_Problem_
The listing that follows must be retyped exactly, without its pictures.

_Input records_

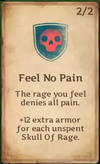 无痛:每拥有一个怒气颅骨,你将获得额外护甲值。首次升级为每个怒气颅骨提供6点护甲,第二次升级为每个怒气颅骨提供12点护甲。
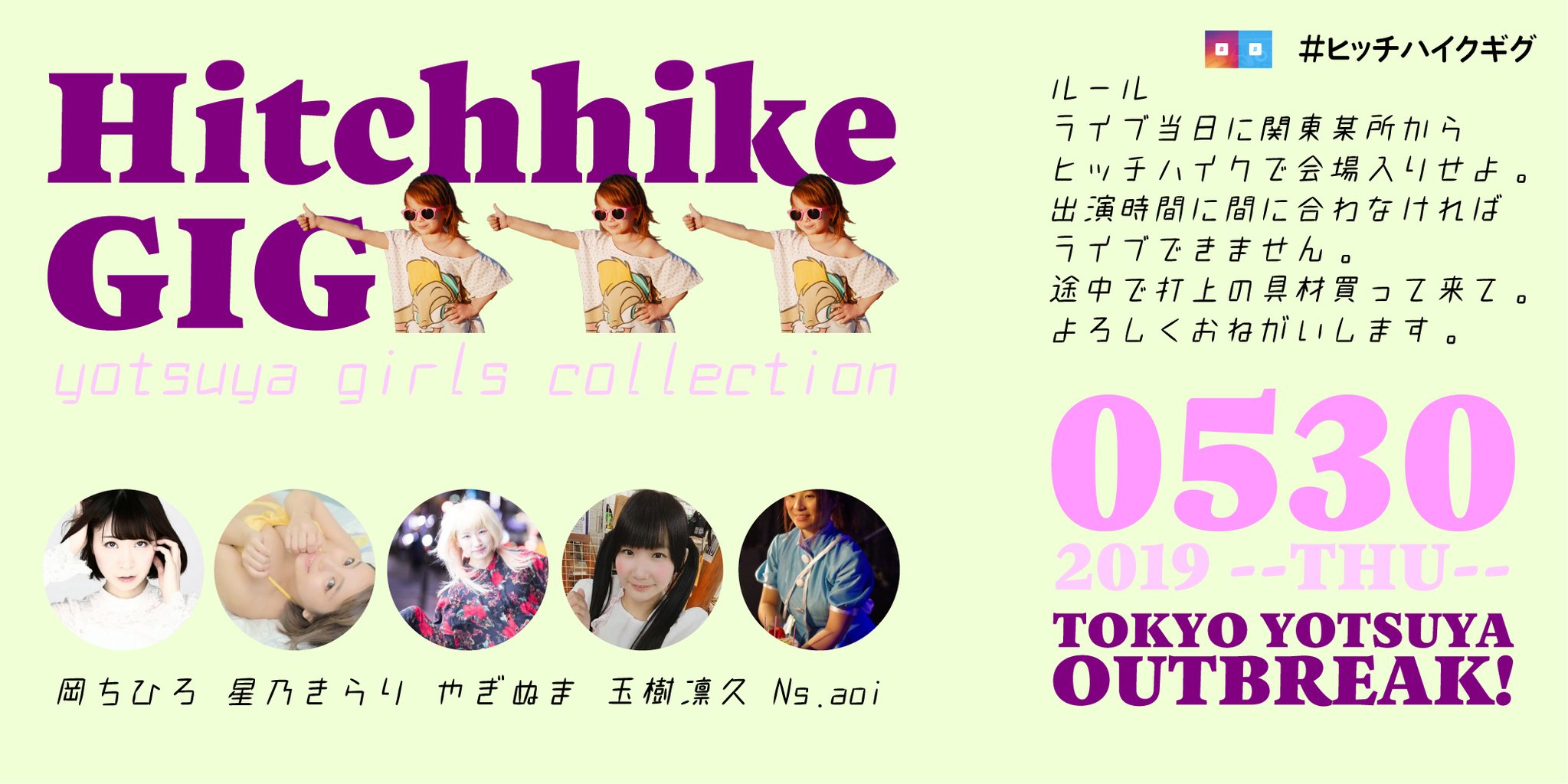 ★四谷名物ヒッチハイクギグ、今回は女性アーティスト特集! お昼12時に関東某所(場所は当日発表)からスタートし 出演時間までにヒッチハイクで会場まで到着せよ!! ヒッチハイクの模様は #ヒッチハイクギグ で実況中継!! (各アーティスト男性スタッフ1名が同行します)
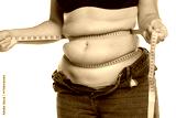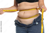 Studio shot of overweight woman with belly fat measuring waist using tape while jeans remain unbuttoned on white background.
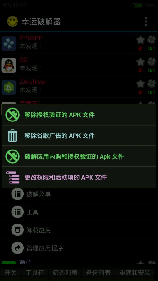 12、当然你也返回幸运破解器破解游戏选择工具箱移除已保持的内购
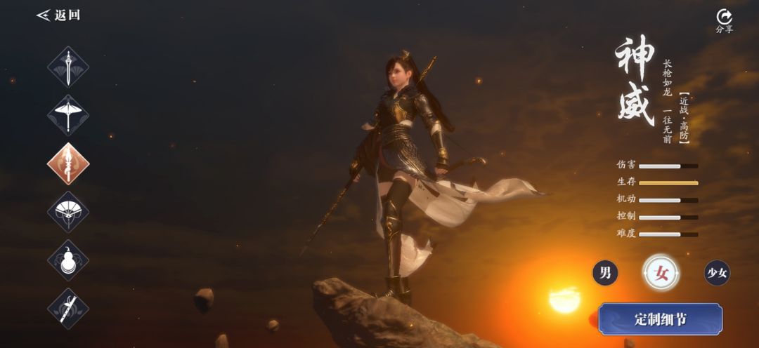 职业属性关系图:攻击>气血>力道>身法>气劲 职业技能增益属性: 神威因为特殊技能段龙枪所以他的主要伤害来源是攻击 琅纹推荐: 攻击装备琅纹: 第一档:混沌【上清】+天【云】+天【雨】+天【星渊】+天【皇天】 第二档:混沌【上清】+天【云】+天【星渊】+天【玄宙】+天【辉宸】 第三档:混沌【上清】+天【玄宙】+天【辉宸】+混沌【道心】+混沌【神人】防御装备琅纹: 第一档:混沌【玉清】+地【木】+地
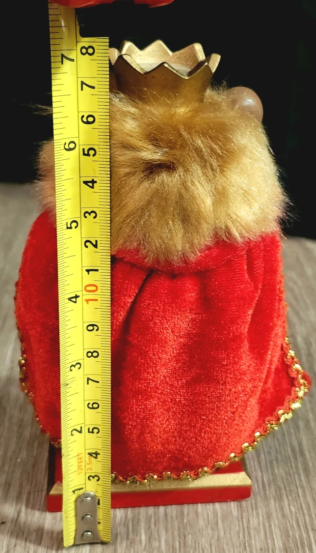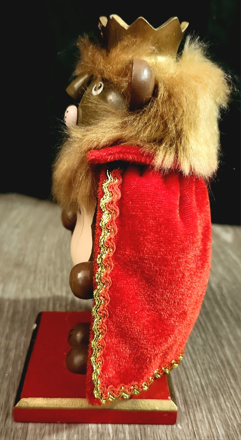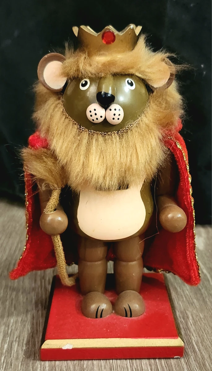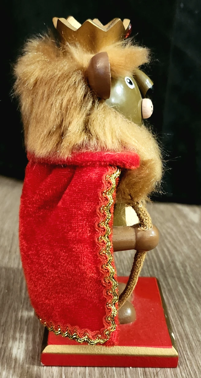 This decorative Cowardly Lion Nutcracker is ready to guard your home and add a regal flair to your holiday decorations. It stands approximately 7 inches tall. The Cowardly Lion Nutcracker is in good condition, ready to bring a touch of royalty to your decor.
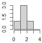 right=Fを指定すると,0≦x<1, 1≦x<2, 2≦x<3, 3≦x<4の区間に各0,1,3,1個あるというグラフになる. 日本では,この分け方が普通だから,right=Fと決める方がよい. |

_Response_
 无痛:每拥有一个怒气颅骨,你将获得额外护甲值。首次升级为每个怒气颅骨提供6点护甲,第二次升级为每个怒气颅骨提供12点护甲。
 ★四谷名物ヒッチハイクギグ、今回は女性アーティスト特集! お昼12時に関東某所(場所は当日発表)からスタートし 出演時間までにヒッチハイクで会場まで到着せよ!! ヒッチハイクの模様は #ヒッチハイクギグ で実況中継!! (各アーティスト男性スタッフ1名が同行します)
 Studio shot of overweight woman with belly fat measuring waist using tape while jeans remain unbuttoned on white background.
 12、当然你也返回幸运破解器破解游戏选择工具箱移除已保持的内购
 职业属性关系图:攻击>气血>力道>身法>气劲 职业技能增益属性: 神威因为特殊技能段龙枪所以他的主要伤害来源是攻击 琅纹推荐: 攻击装备琅纹: 第一档:混沌【上清】+天【云】+天【雨】+天【星渊】+天【皇天】 第二档:混沌【上清】+天【云】+天【星渊】+天【玄宙】+天【辉宸】 第三档:混沌【上清】+天【玄宙】+天【辉宸】+混沌【道心】+混沌【神人】防御装备琅纹: 第一档:混沌【玉清】+地【木】+地
 This decorative Cowardly Lion Nutcracker is ready to guard your home and add a regal flair to your holiday decorations. It stands approximately 7 inches tall. The Cowardly Lion Nutcracker is in good condition, ready to bring a touch of royalty to your decor.
 right=Fを指定すると,0≦x<1, 1≦x<2, 2≦x<3, 3≦x<4の区間に各0,1,3,1個あるというグラフになる. 日本では,この分け方が普通だから,right=Fと決める方がよい. |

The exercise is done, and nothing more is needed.